This invention relates to the isolation of monoclonal antibodies.
The immune system provides an important mechanism for the resistance to infectious agents. The antibodies that are produced in response to the foreign substance (antigen) by the immune system also provide a good source of reagents for treatment of disease and for diagnostic purposes. Antibodies thus produced by the immune system have the characteristic of being heterogeneous.
With the advent of hybridoma technology first developed by Kohler and Milstein, it is now possible to generate monoclonal antibodies which are essentially homogeneous compositions having uniform affinity for a binding site. The production of mouse hybridomas by these investigators is described in Nature 256, 495-497 (1975); and Eur. J. Immunol. 6, 511-519 (1976). According to this method, tissue-culture adapted mouse myeloma cells are fused to spleen cells from immunized mice to obtain the hybrid cells that produce large amounts of a single antibody molecule. The fusion generally is carried out in the presence of polyethylene glycol (PEG) as described by Galfe et al., Nature 266, 550-52 (1977), followed by selection in HAT medium (hypoxanthine, aminopterin and thymidine) as described by Littlefield, Science 145, 709-10 (1964). Immunization can be carried out with virtually any foreign antigen of interest. These can be, for example, hormones, proteins, cell-surface antigens, tumor markers, viruses, bacteria, parasites and the like. The use of hybridomas to provide a wide variety of clinically important antigens is illustrated by the extensive list and references cited, for example, by Sevier et al., Clin. Chem. 27 (11), 1797-1806 (1981).
Monoclonal antibodies also can be generated from human cells. See, for example, Rosen et al., Cell 11, 139-47 (1977); Olsson and Kaplan, Proc. Nat. Acad. Sci. USA 77, 5429-31 (1980); Croce et al., Nature (London) 288, 488-91 (1980); Eur. Pat. Appl. No. 44,722, Jan. 27, 1982; and Eur. Pat. Appl. No. 62,409, Oct. 13, 1982. Such antibodies should have better tolerance in human immunotherapy than the antibodies raised in mice.
Once the desired hybridoma is successfully cloned it may be desired to culture the cells on a large scale for the production of monoclonal antibodies in bulk quantities. Useful methods for such large scale cultivation of mammalian cells for producing monoclonal antibodies are described by Feder and Tolbert, Sci. Amer. 248 (1), 24-31 (1983).
Typically, the hybridoma cells are grown in conventional cell culture media such as, for example, RPMI-1640 or Dulbecco's modified Eagle's medium. The medium is usually supplemented with serum. It is customary to include up to 15% fetal calf serum, but bovine and horse serum also can be used.
Another method of monoclonal antibody production is described in U.S. Pat. No. 4,409,331, which involves growing the hybridoma cells encapsulated in semipermeable membranes. HAT selection can be avoided according to this method since the fusion process is viewed under a microscope and the unsuccessful fusions can be discarded based on this visual observation.

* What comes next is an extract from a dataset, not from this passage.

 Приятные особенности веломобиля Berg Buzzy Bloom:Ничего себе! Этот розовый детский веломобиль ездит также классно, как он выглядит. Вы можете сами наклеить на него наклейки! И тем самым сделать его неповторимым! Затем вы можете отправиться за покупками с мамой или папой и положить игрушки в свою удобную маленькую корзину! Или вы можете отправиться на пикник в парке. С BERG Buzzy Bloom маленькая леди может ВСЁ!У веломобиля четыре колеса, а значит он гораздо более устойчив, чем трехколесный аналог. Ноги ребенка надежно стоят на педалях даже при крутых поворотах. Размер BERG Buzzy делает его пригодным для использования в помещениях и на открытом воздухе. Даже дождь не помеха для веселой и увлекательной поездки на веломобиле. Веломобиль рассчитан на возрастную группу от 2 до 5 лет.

Yet another means of producing monoclonal antibodies involves culture of the hybridomas on hollow fiber membranes as disclosed by Calabresi et al., Proc. AACR and ASCO, p. 302 (1981).

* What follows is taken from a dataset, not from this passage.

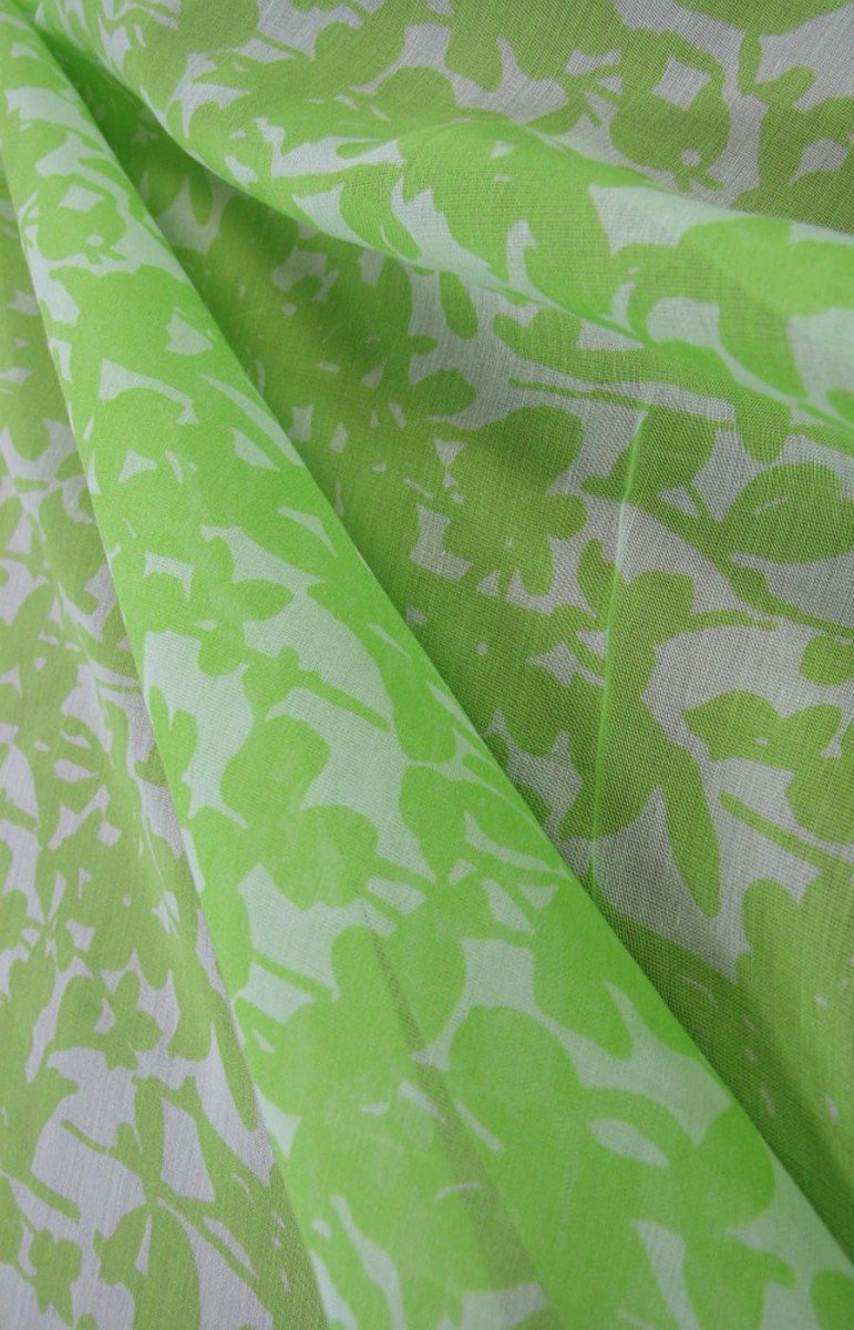 Włoska tkanina bawełniana typu batyst z zielono-śmietanowym, drobnym wzorkiem kwiatowym.

A somewhat different approach to the preparation of hybridomas which can be used for the production of monoclonal antibodies is by the electrofusion or cell fusion system of Zimmermann and Vienken, J. of Membrane Biol. 67, 165-82 (1982), Springer-Verlag, New York; Zimmermann, Biochim. Biophys. Acta 694, 227-77 (1982); and Bischoff et al., FEBS Letters, 147 (1), 64-8 (1982), Elsevier Biomedical Publishing Co. According to this method, the cells to be hybridized are exposed to a low-level, non-homogeneous, high frequency electric field which orients the cells into "pearl necklace" chains. A direct current pulse is then applied which opens micropores in adjoining cell membranes. This allows intermixing of the cellular contents and results in cell fusion. The electrofusion method thus eliminates the chemical trauma of polyethylene glycol and the biological harm of viral fusion in creating hybridomas for monoclonal antibody production.
After production of the monoclonal antibodies by cell culture, it is usually desired to isolate or purify the antibodies from the medium. Various known methods of such isolation include, for example, ammonium sulfate precipitation, dialysis, affinity chromatography on protein A-Sepharose.RTM., ion exchange on DEAE columns such as, for example, DEAE-Sephacel.RTM., DEAE-Biogel.RTM. and DEAE Affi-Gel .RTM. Blue, or affinity chromatography on anti-Ig-agarose. These and other such conventional methods of purification of monoclonal antibodies are described by Goding, J. Immunol. Meth. 39, 285-308 (1980); and Bruck et al., J. Immunol. Meth. 53, 313-19 (1982).